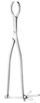
ASI190821 HEY-GROVES BONE HOLDING FORCEPS 8.5MM 30.5 CM
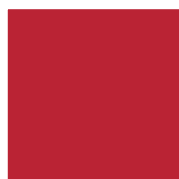
Coral Red RAL 3016
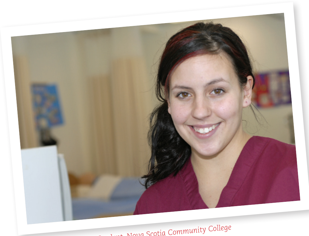
Figure 5 Healthcare Student, Nova Scotia Community College

and forth journey. They must set the stage for learning by presenting or eliciting knowledge that is based in traditional and contemporary life. Then they must show how western ways of analysis can be used to describe and explain things that have long been recognized in traditional life. Instructors can model effective border crossing between their teacher-world and the community of which they are a part.
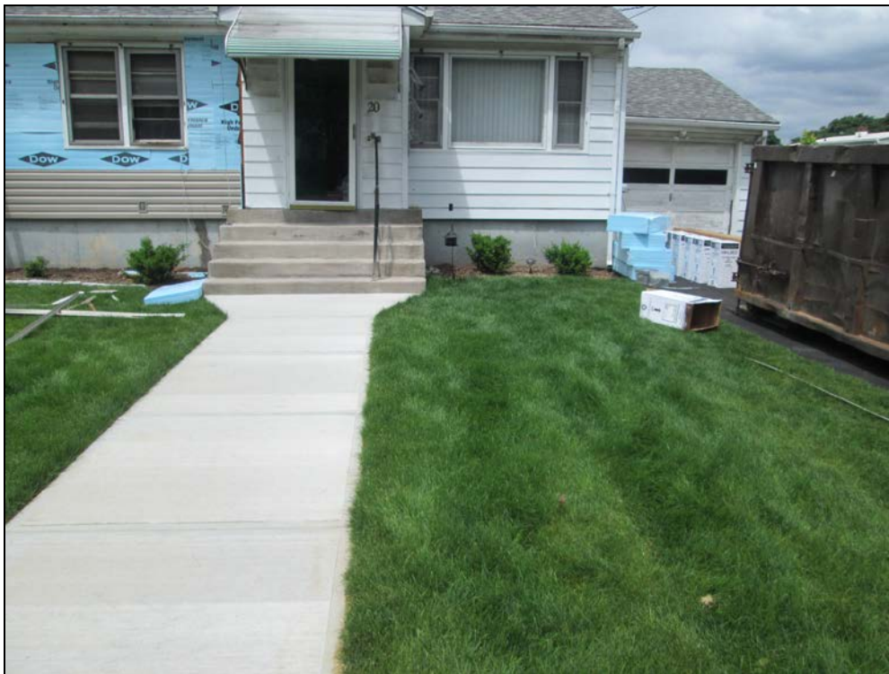
View looking west at restored front yard.
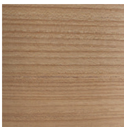
NATURAL TEAK (NEW)

We strongly recommend using our custom-fit outdoor covers to protect furniture from the elements and minimize aging.
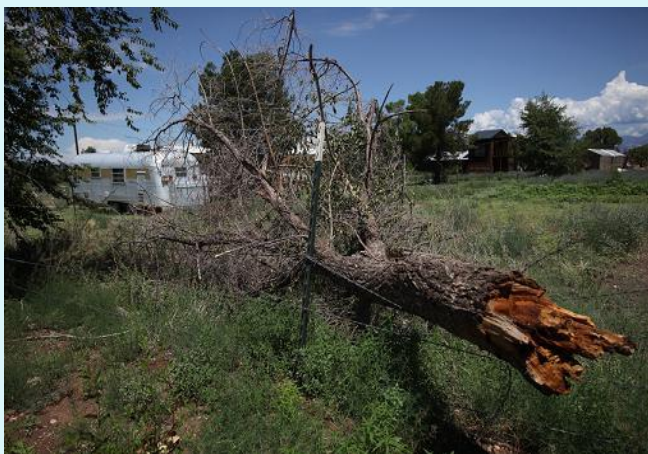
Pine tree blown down.

A large pole barn was destroyed and damage occurred to other buildings and property in the vicinity. In addition the winds uprooted a pine tree and flattened vegetation.
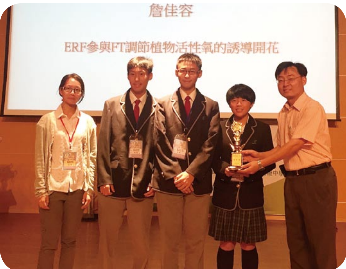
▲ Winning Award of Excellence, the Golden Prize, and Silver Prize for Result Presentation of 2015 Foresight Project Researches

Since School Year 2012, the NNKIEH cooperated with Kaohsiung Municipal Senior High School and National Taitung Girls' Senior High School to apply for the integrated project. I-Shou University was invited to be the Co-Principal Investigator to develop highlighted curriculums. Until School Year 2014, three set of mature module courses were developed to benefit teachers and students. The results were presented to 13 high schools and vocational high schools around Taiwan.
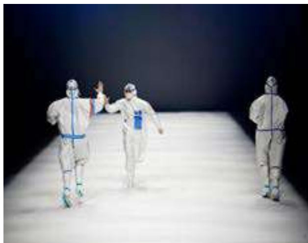
Models interact while they present protective suits made for medical professionals, designed by the Beijing Institute of Fashion Technology in collaboration with Dishang, during China Fashion Week in Beijing.
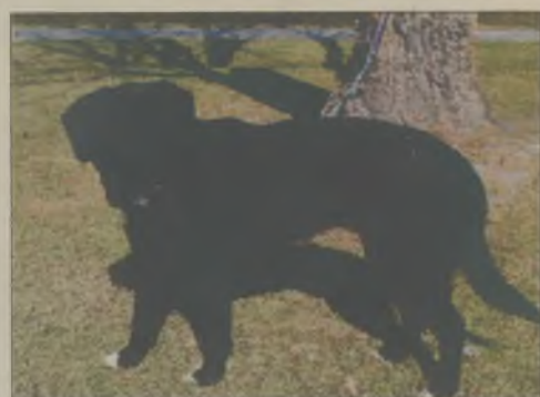
See this week's Pets of the Week, 4

# # # # # # #

# Problem to solve:
For the lines above, output exactly those from the line containing "Foresight Project Researches" through the line containing "Since School Year", and skip the others.

# Solution for this problem:
▲ Winning Award of Excellence, the Golden Prize, and Silver Prize for Result Presentation of 2015 Foresight Project Researches

Since School Year 2012, the NNKIEH cooperated with Kaohsiung Municipal Senior High School and National Taitung Girls' Senior High School to apply for the integrated project. I-Shou University was invited to be the Co-Principal Investigator to develop highlighted curriculums. Until School Year 2014, three set of mature module courses were developed to benefit teachers and students. The results were presented to 13 high schools and vocational high schools around Taiwan.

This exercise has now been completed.